In the RF model, TiO2 emerged as the most influential feature for celadon classification. A high TiO2 content consistently showed positive contributions, indicating that elevated TiO2 concentrations resulted in increased probability of celadon classification; conversely, low TiO2 levels contributed negatively. In addition, Fe2O3 demonstrated the second-highest contribution in celadon classification. The presence of low levels of Fe2O3 has been demonstrated to exert a detrimental influence on the classification of celadon, while intermediate levels have been shown to exert a positive influence.

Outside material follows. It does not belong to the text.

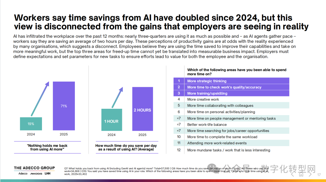 AI 带来的效率提升已成为共识,但劳动者感知与企业实际收益之间存在明显脱节。2025年,劳动者平均每天通过AI节省2小时,较2024年的1小时实现翻倍;且71% 的人表示 “没有因素阻碍自己更多使用 AI”,较 2024年的19%大幅提升。
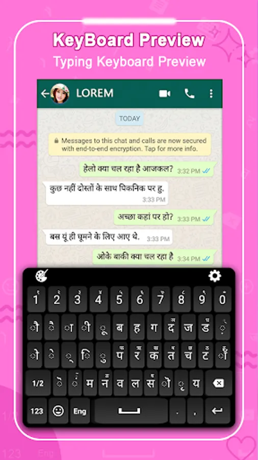 Do you find it difficult to type messages in Hindi & English while texting on your cell? Install this Hindi language keyboard, It has both Hindi & English keyboard with a variety of beautiful themes which can be changed directly from the keyboard.

However, in the buncheong classification, higher Fe2O3 concentrations exhibited a strong association with increased classification probability. This contrasting behavior suggests that Fe2O3 content serves as a hierarchical classification marker: high concentrations favor buncheong, whereas low concentrations are indicative of white porcelain, and intermediate values are more characteristic of celadon. TiO2 also functioned as a hierarchical classification marker, with intermediate values positively contributing to buncheong classification, high values to celadon, and low values to white porcelain. P2O5 and Na2O, while not appearing among the top-ranked features in white porcelain classification, exhibited contrasting concentration distributions between celadon and buncheong, indicating their partial contribution to differentiating these two ceramic types. The inverse relationship observed in the SHAP distributions underscores the role of P2O5 and Na2O as complementary features that distinguish these two stylistically similar ceramic types.

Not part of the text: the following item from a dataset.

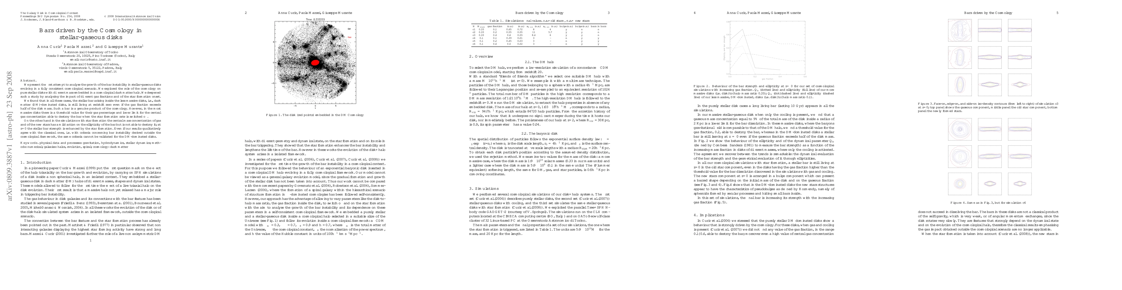 We present the first attempt to analyse the growth of the bar instability in stellar-gaseous disks evolving in a fully consistent cosmological scenario. We explored the role of the cosmology on pure stellar disks with different mass embedded in a cosmological dark matter halo. We deepened such a study by analysing the impact of different gas fractions and of the star formation onset. We found that in all these cases, the stellar bar arising inside the less massive disks, i.e., dark matter (DM)-dominated disks, is still living at redshift zero even if the gas fraction exceeds half of the disk mass. Such a bar is a genuine product of the cosmology. However, in the most massive disks there is a threshold value for their gas percentage and lower limit for the central gas concentration able to destroy the bar when the star formation rate is switched off. On the other hand in the simulations with star formation the central mass concentration of gas and of the new stars has a mild action on the ellipticity of the bar but is not able to destroy it; at z=0 the stellar bar strength is enhanced by the star formation. Even if our results qualitatively agree with the classical ones, i.e. with criteria concerning bar instability derived outside the cosmological framework, the same criteria cannot be validated for the DM-dominated disks.

In the case of white porcelain, the SHAP distributions for TiO2 and Fe2O3 showed clear bimodal patterns, with low oxide concentrations contributing strongly and positively to the white porcelain classification. This dichotomous pattern reflects the well-known use of high-purity white clay in white porcelain production, where the removal of coloring oxides such as TiO2 and Fe2O3 enhances whiteness. These findings corroborate the classification rules learned by RF models and align closely with established knowledge on production techniques of Joseon white porcelain28,55.
In contrast, the PCA–LDA model showed different feature contribution patterns, placing greater importance on Al2O3 and SiO2 rather than key coloring oxides such as TiO2 and Fe2O3. As illustrated in Fig. 5 (right), these coloring oxides showed relatively low importance compared to RF and lacked clear directional separation. This suggests that PCA–LDA, due to its linear structure, was less effective at capturing the compositional characteristics most relevant to ceramic classification.

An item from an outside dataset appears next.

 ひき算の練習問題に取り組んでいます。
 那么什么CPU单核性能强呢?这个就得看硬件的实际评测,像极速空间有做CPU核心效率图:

Taken together, the SHAP beeswarm plots provide a detailed explanation of how the elemental composition influences the ceramic classification. In addition to validating the predictive mechanisms of high-performing models such as RF, they also expose the interpretive limitations of lower-performing algorithms. Additionally, they demonstrate the potential of SHAP analysis to link ML outputs with archaeometric knowledge, providing explainable and data-driven insights into ceramic production technologies.
External test dataset validation
To assess the generalizability of the models, an external dataset that was not used for training or internal validation was evaluated (Table 3). The RF model achieved the highest accuracy (93.2%), followed by XGB (91.5%) and SVM (91.5%), consistent with the internal test results and indicating robust generalization capability across independently sourced samples.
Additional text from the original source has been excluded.